*** Opening of Provided records ***

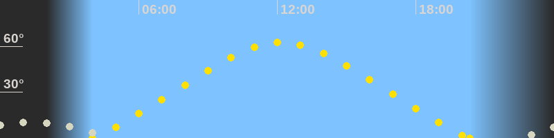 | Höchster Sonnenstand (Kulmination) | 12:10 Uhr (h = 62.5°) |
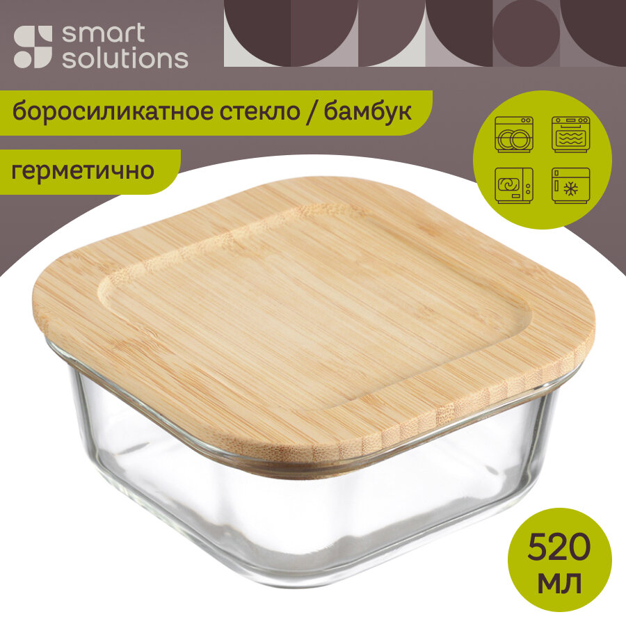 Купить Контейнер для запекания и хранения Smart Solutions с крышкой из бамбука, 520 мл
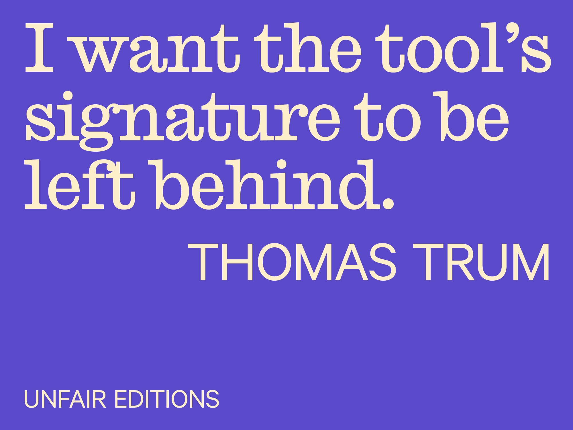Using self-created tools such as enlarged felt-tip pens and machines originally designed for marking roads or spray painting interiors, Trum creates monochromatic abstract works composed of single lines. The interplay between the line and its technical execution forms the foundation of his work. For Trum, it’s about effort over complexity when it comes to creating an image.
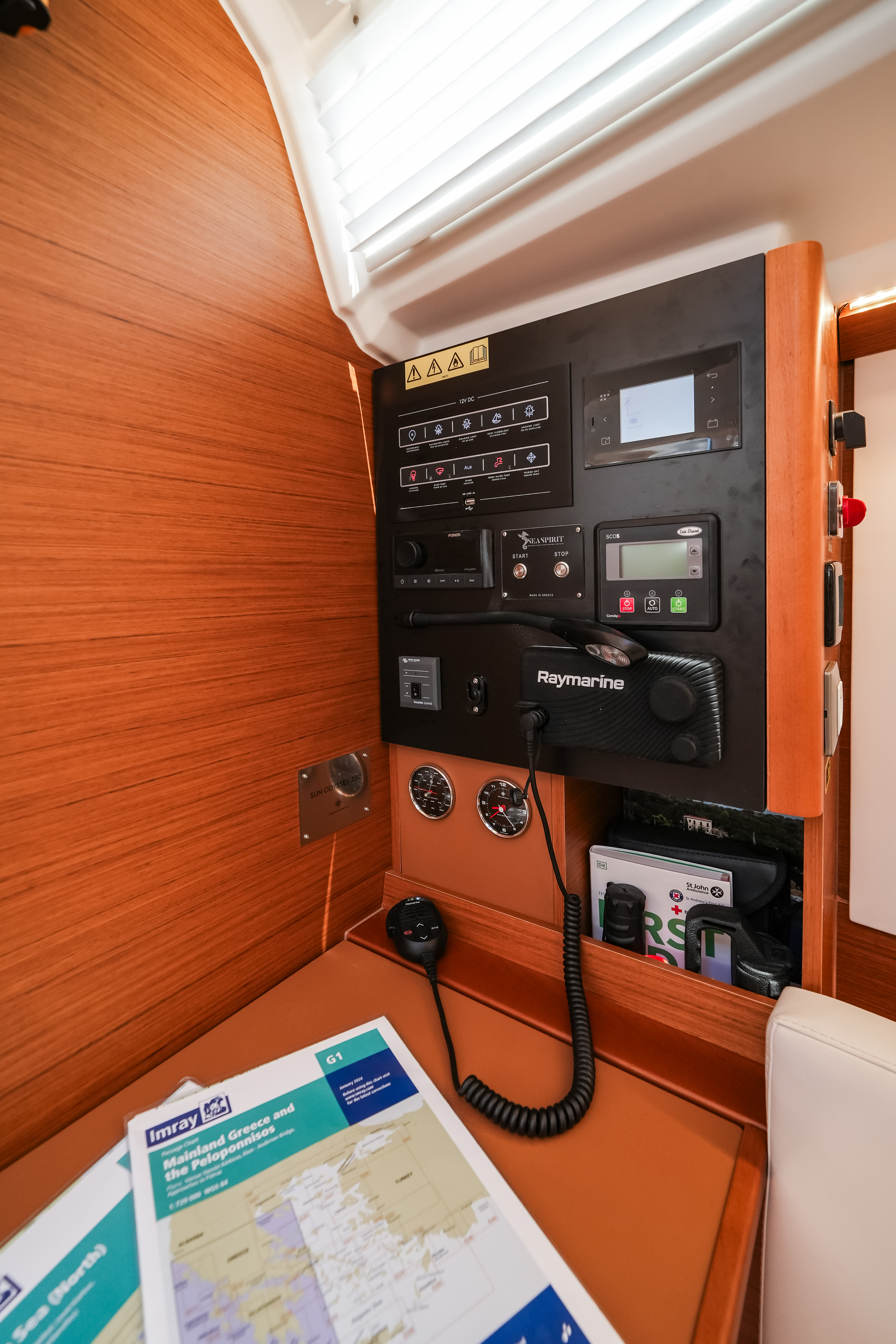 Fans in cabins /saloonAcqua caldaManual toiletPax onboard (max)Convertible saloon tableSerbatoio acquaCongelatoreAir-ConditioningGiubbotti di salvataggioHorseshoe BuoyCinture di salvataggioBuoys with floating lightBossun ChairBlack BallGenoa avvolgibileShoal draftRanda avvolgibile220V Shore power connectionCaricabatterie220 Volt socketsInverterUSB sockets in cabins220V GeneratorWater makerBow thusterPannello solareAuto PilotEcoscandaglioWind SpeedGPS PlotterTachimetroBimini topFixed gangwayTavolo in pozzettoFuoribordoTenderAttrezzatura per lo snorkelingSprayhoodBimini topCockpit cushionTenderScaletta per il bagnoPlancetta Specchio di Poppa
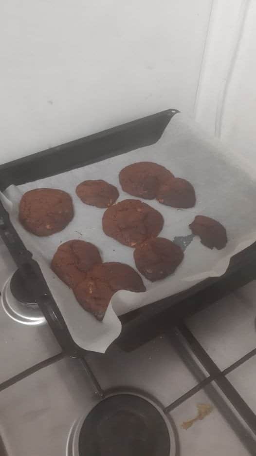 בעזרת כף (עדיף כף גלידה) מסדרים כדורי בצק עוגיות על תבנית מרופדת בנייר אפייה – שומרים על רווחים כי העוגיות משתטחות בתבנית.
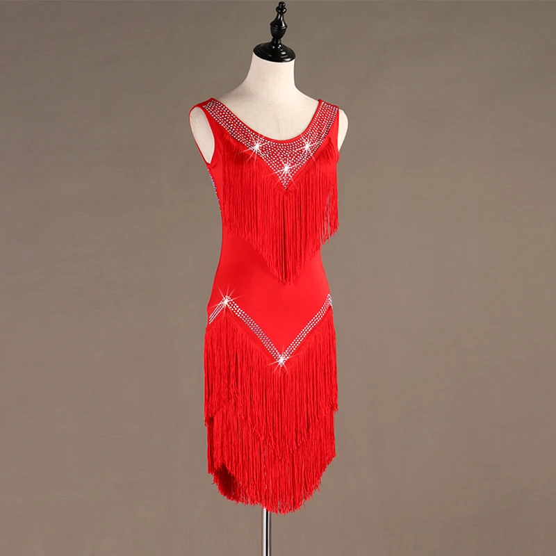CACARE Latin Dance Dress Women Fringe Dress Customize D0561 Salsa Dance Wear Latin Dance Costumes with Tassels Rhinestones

*** Close of Provided records ***
*** Opening of Provided records ***

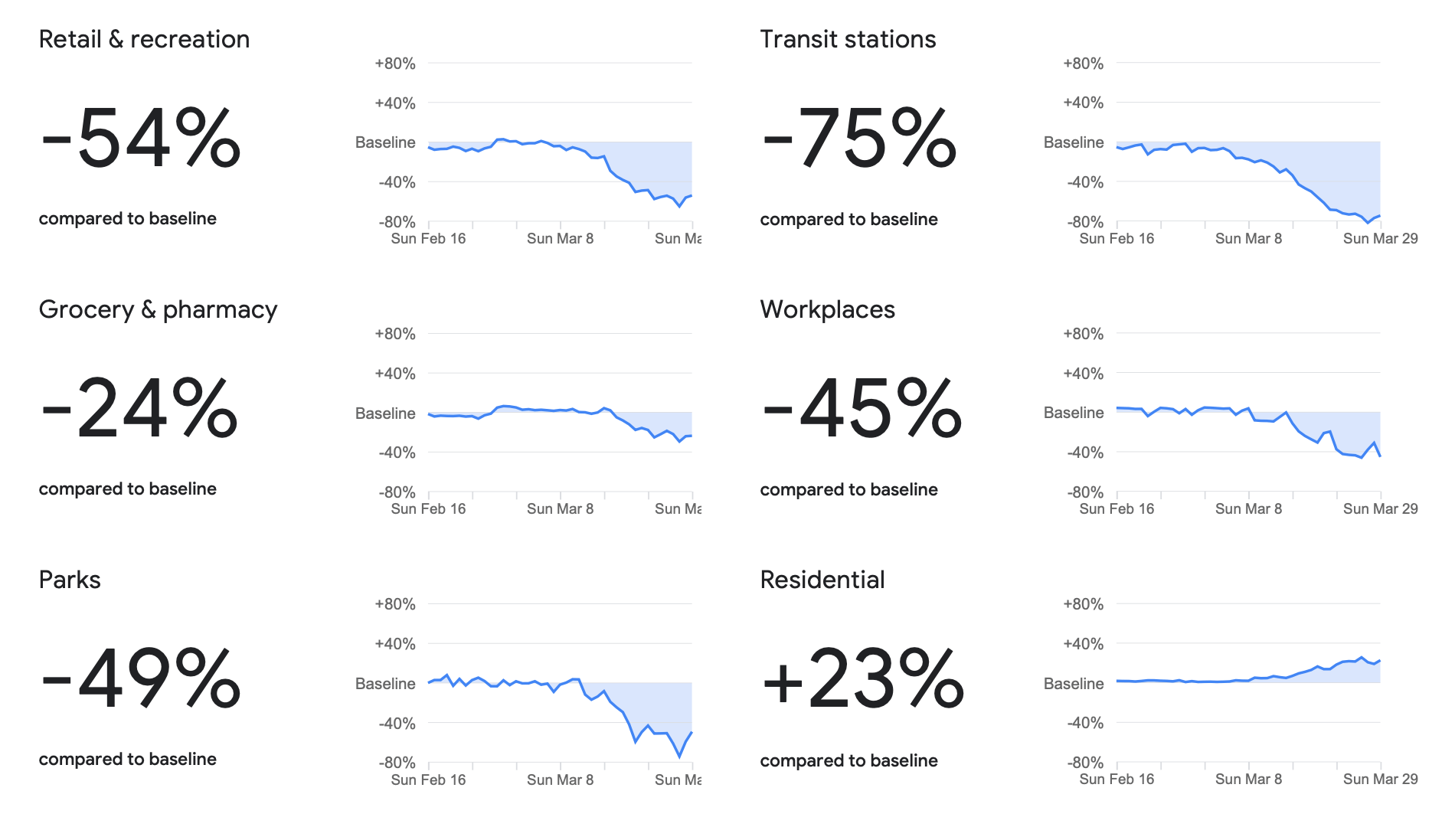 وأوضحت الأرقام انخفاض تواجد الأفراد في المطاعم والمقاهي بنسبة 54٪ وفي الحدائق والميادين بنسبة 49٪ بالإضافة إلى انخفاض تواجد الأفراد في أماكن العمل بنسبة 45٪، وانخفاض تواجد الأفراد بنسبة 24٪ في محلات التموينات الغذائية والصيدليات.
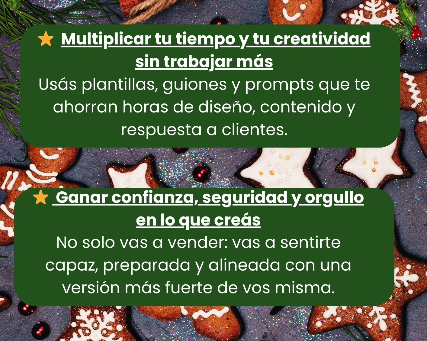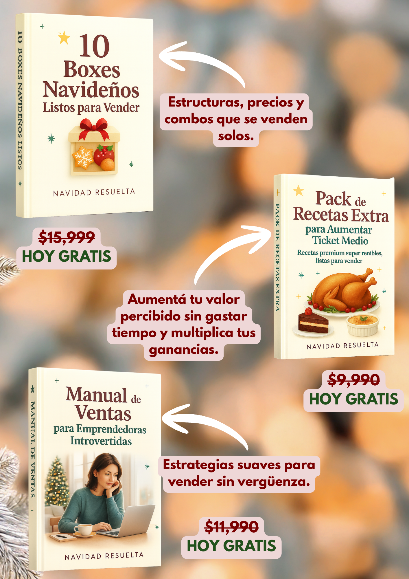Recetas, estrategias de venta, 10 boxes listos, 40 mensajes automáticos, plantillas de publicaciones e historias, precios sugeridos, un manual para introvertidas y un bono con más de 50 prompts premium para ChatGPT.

*** Close of Provided records ***
*** Opening of Provided records ***

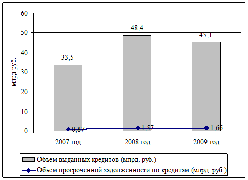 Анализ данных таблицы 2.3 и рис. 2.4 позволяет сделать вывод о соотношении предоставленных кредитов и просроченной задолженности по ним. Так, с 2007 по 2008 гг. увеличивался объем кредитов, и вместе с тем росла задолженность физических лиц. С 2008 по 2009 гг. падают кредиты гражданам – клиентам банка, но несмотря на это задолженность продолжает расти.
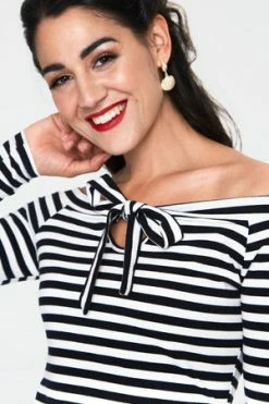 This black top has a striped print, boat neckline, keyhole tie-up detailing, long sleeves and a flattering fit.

*** Close of Provided records ***

Work to complete >> Whatever pictures the records hold, omit them; give again exactly the lines from the one containing "Uhr (h = 62.5°) |" through the one containing "Using self-created tools".

Worked solution >>
 | Höchster Sonnenstand (Kulmination) | 12:10 Uhr (h = 62.5°) |
 Купить Контейнер для запекания и хранения Smart Solutions с крышкой из бамбука, 520 мл
Using self-created tools such as enlarged felt-tip pens and machines originally designed for marking roads or spray painting interiors, Trum creates monochromatic abstract works composed of single lines. The interplay between the line and its technical execution forms the foundation of his work. For Trum, it’s about effort over complexity when it comes to creating an image.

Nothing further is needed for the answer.